Словами «Muss es sein?» Бетховен задает тревожный вопрос судьбе, который все настойчивее и настойчивее повторяется во вступлении (Grave ma поп troppo tratto, 3/2).
После крайне напряженного вступления, в совершенно ином настроении, с какой-то радостной решимостью начинает звучать ответ «Es muss sein!» (Allegro, F-dur, alia breve):
[pic]
Эта тема получает продолжение и развитие. С игривою легкостью композитор ведет голоса, свободно и своевольно распоряжается ритмом. В такте 44 наступает напряженная генеральная пауза, после которой происходит модуляция в A-dur. У виолончели появляется новая тема маршеобразного характера — начало побочной партии (пример 195).
[pic]
Подобный легкий колорит звучания не раз встречался в произведениях позднего Бетховена, например в скерцо квартета № 14.
Эта маршеобразная тема, перейдя от виолончели к первой скрипке, захватывает ведущую роль в ансамбле, но вдруг сменяется темой главной партии, которая постепенно идет вверх.

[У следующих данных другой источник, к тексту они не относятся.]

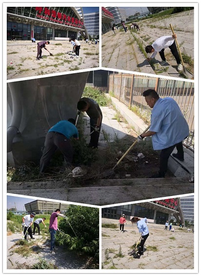 經(jīng)過一上午的作業(yè),廣場上的蒿草基本清理完畢。大家

В разработке полифонически объединяются отдельные элементы главной темы. Из этого сплетения голосов выделим мелодию, родившуюся из начала главной темы и звучащую у второй скрипки (пример 196).
[pic]
Совершенно неожиданно в разработку врывается маршеобразная тема побочной партии в светлом D-dur.

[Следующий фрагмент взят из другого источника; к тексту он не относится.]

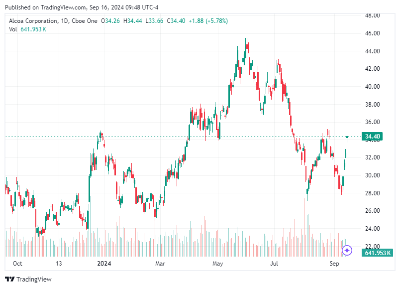 Alcoa has made headlines with its strategic decision to sell its stake in a Saudi Arabian joint venture for $1.1 billion. This move is expected to have a positive impact on Alcoa's financial health and stock performance. Short-term traders should observe levels above $33.92 for an upside and below $32.96 for a downside.
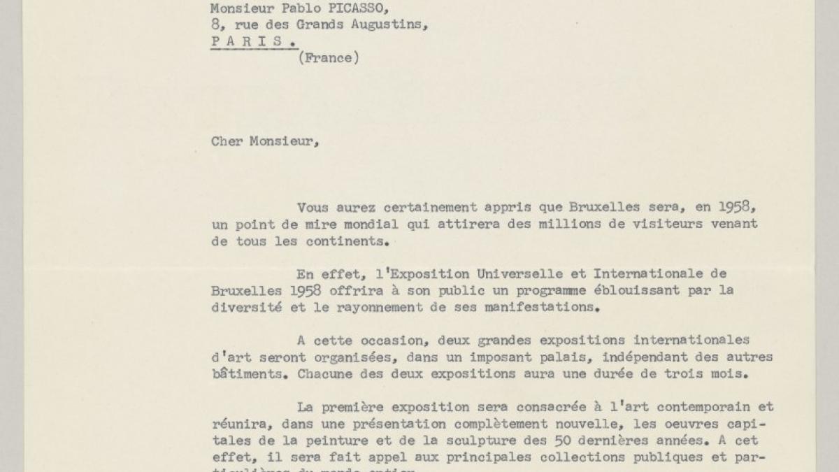 Émile Langui, director-general of Fine Arts and Letters at the Belgian Ministry of Education, sends Pablo Picasso an official request for the works they would like to display at the Brussels World's Fair in 1958, among them Guernica.
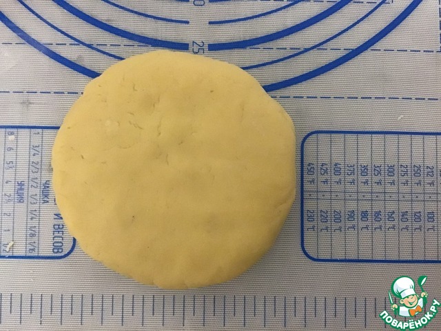 Тесто выложить-высыпать на рабочую поверхность и сформировать диск, завернуть в плёнку и убрать в холодильник для охлаждения минимум на 30 минут.

Реприза (Grave) начинается возвращением вопроса «Muss es sein?», который звучит очень драматично. В этот вопрос вплетается ответ — мотив «Es muss sein!»—сначала тихо, затем усиливаясь в звучании при жутком демоническом биении нижних голосов.

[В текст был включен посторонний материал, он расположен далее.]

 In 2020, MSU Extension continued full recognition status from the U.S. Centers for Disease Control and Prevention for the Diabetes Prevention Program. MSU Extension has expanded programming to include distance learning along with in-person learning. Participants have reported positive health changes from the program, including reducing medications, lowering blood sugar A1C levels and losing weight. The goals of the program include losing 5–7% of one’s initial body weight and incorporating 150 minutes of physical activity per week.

Но чем мрачнее и страшнее было впечатление от вопроса, тем светлее и яснее становится горизонт, как только возвращается ответ, то есть Allegro F-dur. Оба его тематические элемента чудесным образом соединяются в оживленную мелодию, которая излагается в виде четырехголосной канонической имитации (пример 197).
[pic]
При переходе к коде тема главной партии гармонизована так своеобразно, что, по словам Хельма, «Фетис и Улыбышев должны были бы заткнуть уши, если бы они когда-либо услышали этот квартет в концерте» (37, 305):
[pic]
[pic]
После напряженной остановки с ферматой можно было ожидать появления коды в отдаленной тональности, но вместо этого вновь вводится маршеобразный мотив побочной партии. Впечатление от fortissimo, появившегося в конце, производит поистине ошеломляющий эффект. «Слушая в течение двадцати четырех тактов точно дразнящее хихиканье pianissimo, которое неожиданно прервано ударами fortissimo, получаешь приблизительно такое впечатление, как будто маэстро хохочет над собой и всеми нами по поводу того, что мы всерьез приняли загадочный вопрос „Muss es sein?k'» (37, 307).
Продолжительность исполнения квартета 21 минута: I ч. — 5,5 мин., II ч.— 3 мин., III ч. — 6 мин., IV ч. — 6,5 мин.